Parquet

Apache Parquet is a columnar storage format for efficient data storage and retrieval. This tutorial introduces how to use DolphinDB Parquet plugin to import and export Parquet files to and from DolphinDB.

Install the Plugin

Download Precompiled Binaries

You can download precompiled binaries for DolphinDB Parquet Plugin here. It can be installed directly on Linux (See Chap 02).

Please note that the plugin version should be consistent with your DolphinDB server version. You can switch branches to obtain the expected version.

(Optional) Build a Plugin

You can also manually compile a Parquet plugin with CMake on Linux following the instructions:

(1) Install CMake

sudo apt-get install cmake

(2) Install zlib

sudo apt-get install zlib1g

(3) Compile Parquet Development Kit

git clone https://github.com/apache/arrow.git
cd arrow/cpp
mkdir build
cd build
cmake .. -DARROW_PARQUET=ON 
        -DARROW_IPC=ON 
        -DARROW_BUILD_INTEGRATION=ON 
        -DARROW_BUILD_STATIC=ON 
        -DPARQUET_BUILD_SHARED=OFF 
        -DARROW_BUILD_SHARED=OFF 
        -DARROW_DEPENDENCY_USE_SHARED=OFF 
        -DARROW_WITH_ZLIB=ON 
        -DARROW_WITH_SNAPPY=ON 
        -DARROW_WITH_ZSTD=ON 
        -DARROW_WITH_LZ4=ON 
        -DARROW_WITH_BZ2=ON

Note: The dependency library libstdc++ in the compilation environment must be the same as that of the DolphinDB server. The precompiled Parquet plugin supports 5 compression algorithms: zlib, snappy, zstd, lz4 and bz2. You can change the compression options as needed. For more details on the optional building components, see Building Arrow C++.
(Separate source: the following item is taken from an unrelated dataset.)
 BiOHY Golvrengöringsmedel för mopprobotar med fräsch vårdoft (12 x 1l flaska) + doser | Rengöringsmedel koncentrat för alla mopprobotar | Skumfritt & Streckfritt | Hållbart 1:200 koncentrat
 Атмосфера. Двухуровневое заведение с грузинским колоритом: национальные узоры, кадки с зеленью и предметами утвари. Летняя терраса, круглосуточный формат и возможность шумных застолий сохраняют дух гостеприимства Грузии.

(4) After compiling, copy the following files to the target directories.


Files	Target Directory
arrow/cpp/build/src/parquet/parquet_version.h	./parquetApi/include/parquet
arrow/cpp/src/arrowarrow/cpp/src/parquetarrow/cpp/src/generated	./parquetApi/include
arrow/cpp/build/release/libarrow.aarrow/cpp/build/release/libparquet.aarrow/cpp/build/thrift_ep-install/lib/libthrift.aarrow/cpp/build/utf8proc_ep-install/lib/libutf8proc.aarrow/cpp/build/jemalloc_ep-prefix/src/jemalloc_ep/lib/libjemalloc_pic.aarrow/cpp/build/zstd_ep-install/lib64/libzstd.aarrow/cpp/build/zlib_ep/src/zlib_ep-install/lib/libz.aarrow/cpp/build/snappy_ep/src/snappy_ep-install/lib/libsnappy.aarrow/cpp/build/lz4_ep-prefix/src/lz4_ep/lib/liblz4.aarrow/cpp/build/bzip2_ep-install/lib/libbz2.aarrow/cpp/build/boost_ep-prefix/src/boost_ep/stage/lib/libboost_regex.a	./parquetApi/lib/linux

(5) Build the entire project

mkdir build
cd build
cmake ../path_to_parquet_plugin/
make

Load the Plugin

Load the precompiled plugin provided by DolphinDB or the manually compiled plugin on Linux.
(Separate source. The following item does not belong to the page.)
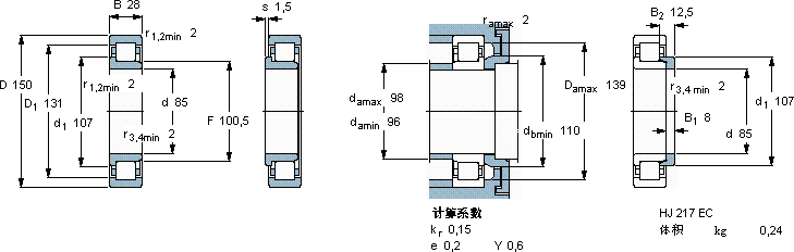 NJ217ECP*圆柱滚子轴承近似的SKF轴承型号

(1) Add the plugin path to the library search path LD_LIBRARY_PATH

export LD_LIBRARY_PATH=/path_to_parquet_plugin/:$LD_LIBRARY_PATH

(2) Start DolphinDB server and load the plugin

loadPlugin("/path_to_parquet_plugin/PluginParquet.txt")

Methods

parquet::extractParquetSchema

Syntax

parquet::extractParquetSchema(fileName)

Parameters

fileName: a STRING scalar indicating the Parquet file name.

Details

Return the schema of the input Parquet file. It includes 2 columns: column names and their data types.

Examples

parquet::extractParquetSchema("userdata1.parquet")

parquet::loadParquet

Syntax

parquet::loadParquet(fileName,[schema],[column],[rowGroupStart],[rowGroupNum])

Parameters

fileName: a STRING scalar indicating the Parquet file name.
schema: a table with the column names and their data types. Specify the parameter to modify the data types of the columns generated by the system. It is an optional parameter.
column: a vector of integers indicating the column index to be imported. It is an optional parameter and all columns will be read if it is not specified.
rowGroupStart: a non-negative integer indicating the index of the row group from which the data import starts. It is an optional parameter, and the file will be read from the beginning if it is not specified.
rowGroupNum: an integer indicating the number of row groups to be read. It is an optional parameter, and the method will read to the end of the file if it is not specified.

Details

Import a Parquet file to a DolphinDB in-memory table.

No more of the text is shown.